Encender la linterna
Y para que no todo sea encender la linterna y hacer preguntas a lo Sherlock Holmes, ahí van algunas ideas, por si a alguien le son de utilidad o le sirven de munición con la contraatacar en esta batalla infinita. Yo, que siempre he defendido que lo que ocurre en el mundo de la cocina es reflejo de lo que acontece en la sociedad, me llego a preguntar si este resurgir de los extremismos, el retorno del pasado culinario, guarda algún tipo de relación con la polarización política de la sociedad en la que vivimos. Al menos da que pensar. Abandono ya esos caminos procelosos y me centro. En mi opinión, buena parte del debate originario es falso por cuanto la tradición y la vanguardia se alimentan una de la otra en un círculo infinito. Lo tradicional nunca es estático porque se regenera con la interpretación de la misma que se hace en cada época.
Hay que decir que esa revisión generacional, además, no le resta autenticidad: cada grupo reelabora su herencia culinaria, lo que es lícito y necesario. Entre tradición y vanguardia no hay fronteras o, en todo caso, son móviles y efímeras. La memoria, la creatividad y el territorio dialogan todo el tiempo y conforman un plasma cultural –aceptado por la mayoría de una comunidad– que es lo que podemos llegar a llamar cocina tradicional.
Ahora que la nueva cocina vasca cumple sus bodas de oro, ¿podríamos decir que sus platos más famosos, algunos de los archicopiados, como el Pastel de kabrarroka de Juan Mari Arzak, rupturista en los años setenta, son hoy cocina tradicional vasca? Probablemente sí por cuanto ya forma parte de la memoria colectiva, tiene un claro arraigo generacional, una difusión social amplia –¿qué ama de casa o aficionado a la cocina no ha hecho alguna versión de este pastel de pescado?– y aparece en los recetarios profesionales y en los domésticos.

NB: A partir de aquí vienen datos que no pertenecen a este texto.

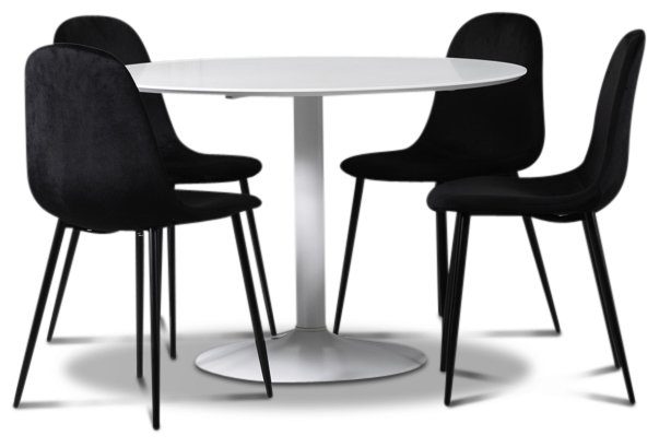 Seat spisegruppe, rundt spisebord med 4 stk Carisma fløyelsstoler - Hvit/Svart

Y así podríamos seguir cuestionando las etiquetas que se tratan de imponer para separar y generar barreras. Sin duda debemos reconocer el valor de los patrimonios culturales, puesto que la cocina es un elemento esencial de la expresión identitaria y del pensamiento simbólico de los pueblos, pero también hay que asumir que, no pocas veces, las conocidas como tradiciones son invenciones recientes legitimadas por un ratito de Historia.
El desafío para aquellos cocineros que trabajan y se ganan la vida tras el emblema de ‘tradicionales’ es conservar el alma mientras renuevan la forma, lograr reinterpretar el pasado sin traicionarlo del todo, eludir el peligro de fosilizar un recetario o, lo que es aún peor, convertirlo en mero folklore o espectáculo. El último mito que debería ser derribado pronto es el que asocia lo tradicional con lo puro, con lo no hibridado, cuando la realidad dicta lo opuesto. Lo realmente singular, lo más propio, es aquello que ha resultado de un mestizaje concreto. Los platos más personales y únicos de cada cocina surgen de la mixtura de aquellos préstamos o incluso de los choques entre comunidades. La salsa vizcaína, por ejemplo, es el resultado simbólico y gustativo de un mestizaje profundo, como lo es también el carismático mole poblano. Podríamos concluir diciendo que el 99% de las cocinas nacionales tradicionales no existirían de no haberse producido no uno, sino varios mestizajes.